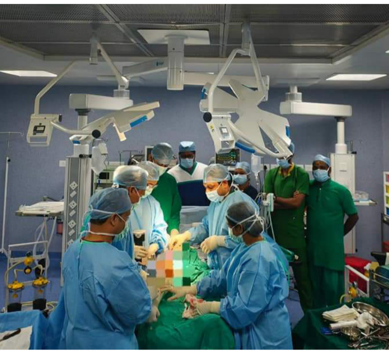
വൈത്തിരി സ്വദേശിയായ 64 -കാരിക്ക് താലൂക്ക് ആശുപത്രിയിൽ മുട്ടു മാറ്റിവെക്കൽ ശസ്ത്രക്രിയ നടത്തുന്നു

കൽപ്പറ്റ: മുട്ട് തേയ്മാനത്തിനുള്ള ശാശ്വത ചികിത്സയായ മുട്ടുമാറ്റിവെക്കൽ ശസ്ത്രക്രിയ വൈത്തിരി താലൂക്ക് ആസ്ഥാന ആശുപത്രിയിൽ വിജയകരമായി പൂർത്തിയാക്കി. ഏറെ നാളായി മുട്ടുവേദന കൊണ്ട് ദുരിതമനുഭവിക്കുന്ന വൈത്തിരി സ്വദേശിയായ 64കാരിയാണ് ശസ്ത്രക്രിയ നടത്തിയത്. എല്ല് തേയ്മാനത്തിന്റെ
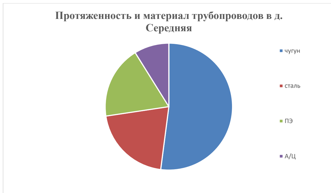
Рис 1.5.3. Протяженность и материал трубопроводов в д. Средняя

Водоразборные колонки и гидранты приведены в таблице 1.5.3.2, информация представлена специалистами администрации сельского поселения.
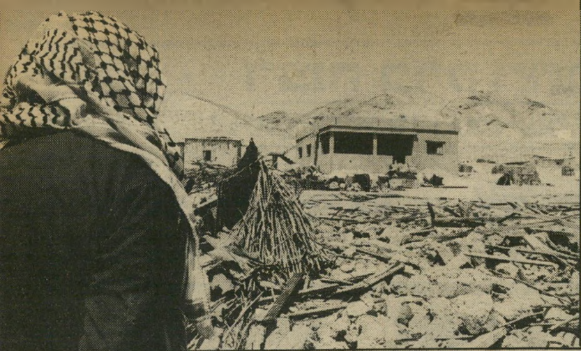
הבית ההרוס בעקבת ג'אבר בני הנלים

### Task brief:
Retype every entry exactly, but keep the pictures out of your copy.

### Your response:
വൈത്തിരി സ്വദേശിയായ 64 -കാരിക്ക് താലൂക്ക് ആശുപത്രിയിൽ മുട്ടു മാറ്റിവെക്കൽ ശസ്ത്രക്രിയ നടത്തുന്നു

കൽപ്പറ്റ: മുട്ട് തേയ്മാനത്തിനുള്ള ശാശ്വത ചികിത്സയായ മുട്ടുമാറ്റിവെക്കൽ ശസ്ത്രക്രിയ വൈത്തിരി താലൂക്ക് ആസ്ഥാന ആശുപത്രിയിൽ വിജയകരമായി പൂർത്തിയാക്കി. ഏറെ നാളായി മുട്ടുവേദന കൊണ്ട് ദുരിതമനുഭവിക്കുന്ന വൈത്തിരി സ്വദേശിയായ 64കാരിയാണ് ശസ്ത്രക്രിയ നടത്തിയത്. എല്ല് തേയ്മാനത്തിന്റെ
Рис 1.5.3. Протяженность и материал трубопроводов в д. Средняя

Водоразборные колонки и гидранты приведены в таблице 1.5.3.2, информация представлена специалистами администрации сельского поселения.
הבית ההרוס בעקבת ג'אבר בני הנלים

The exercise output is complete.